On 22 June 2026, Beidahuang — China's largest listed agricultural company with 1.158 million mu of prime black-soil farmland in Heilongjiang — disclosed that tax authorities had ordered it to pay 1.41 billion RMB (approximately US$1.96 billion) in back taxes and late-payment surcharges. The sum exceeds the company's entire 2025 net profit of 1.166 billion RMB.
The dispute centres on a single question: should land-contract fees collected from non-employee family farms qualify for the same agricultural income tax exemptions that apply to employee-operated farms? The tax authority's answer is no. The company's 16 agricultural subsidiaries had been treating all land-contract income as tax-exempt agricultural income. The reclassification covers five years (2021-2025) and adds 386 million RMB in late-payment interest on top of the 1.024 billion RMB principal.
The corporate-governance dimension is troubling. This is not the first time. In 2018, Beidahuang paid 307 million RMB for the exact same tax-preference interpretation issue. Despite that precedent, the company continued the same accounting treatment. Worse, in July 2024, the company told investors on an interactive platform that "no back-tax issues currently exist" — a statement that now appears plainly inaccurate.

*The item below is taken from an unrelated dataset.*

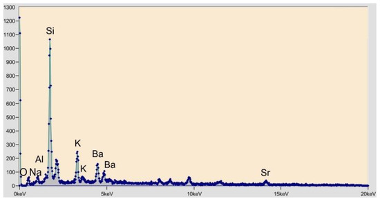 EDS spectroscopy of the ground CRT glass (Figure 4) determined a considerable presence of silicon. Oxygen, sodium, aluminum and potassium were also present. Because that the panel glass was coated with protective layers during the service life of the electronic device, the EDS spectroscopy detected the presence of barium and strontium in traces, which originate from these protective layers. The basic concrete layer was made with river aggregate fraction 0/4 mm (Figure 5a) and crushed limestone aggregate fraction 4/8 mm (Figure 5b). For the finishing layer, the visible layer was quartz sand with a particle size 0.25–1.2 mm. Physical properties of used aggregates are provided in Table 3.

The knowledge lesson operates on two levels. At the tax-policy level, the case illustrates how agricultural tax preferences — designed to support smallholder farmers — can become a grey zone when applied to large-scale corporate farming operations. The distinction between "employee" and "non-employee" farm households may seem technical, but it determines whether billions in revenue are taxable.
At the governance level, the case is a reminder that tax contingency disclosure is not a formality. When a company has a history of tax disputes on the same issue, investors and auditors should expect explicit reserves and risk-factor disclosure — not blanket assurances that no problems exist. The gap between "no back-tax issues" in July 2024 and a 1.41 billion RMB bill in June 2026 is a governance failure, not just a tax-policy surprise.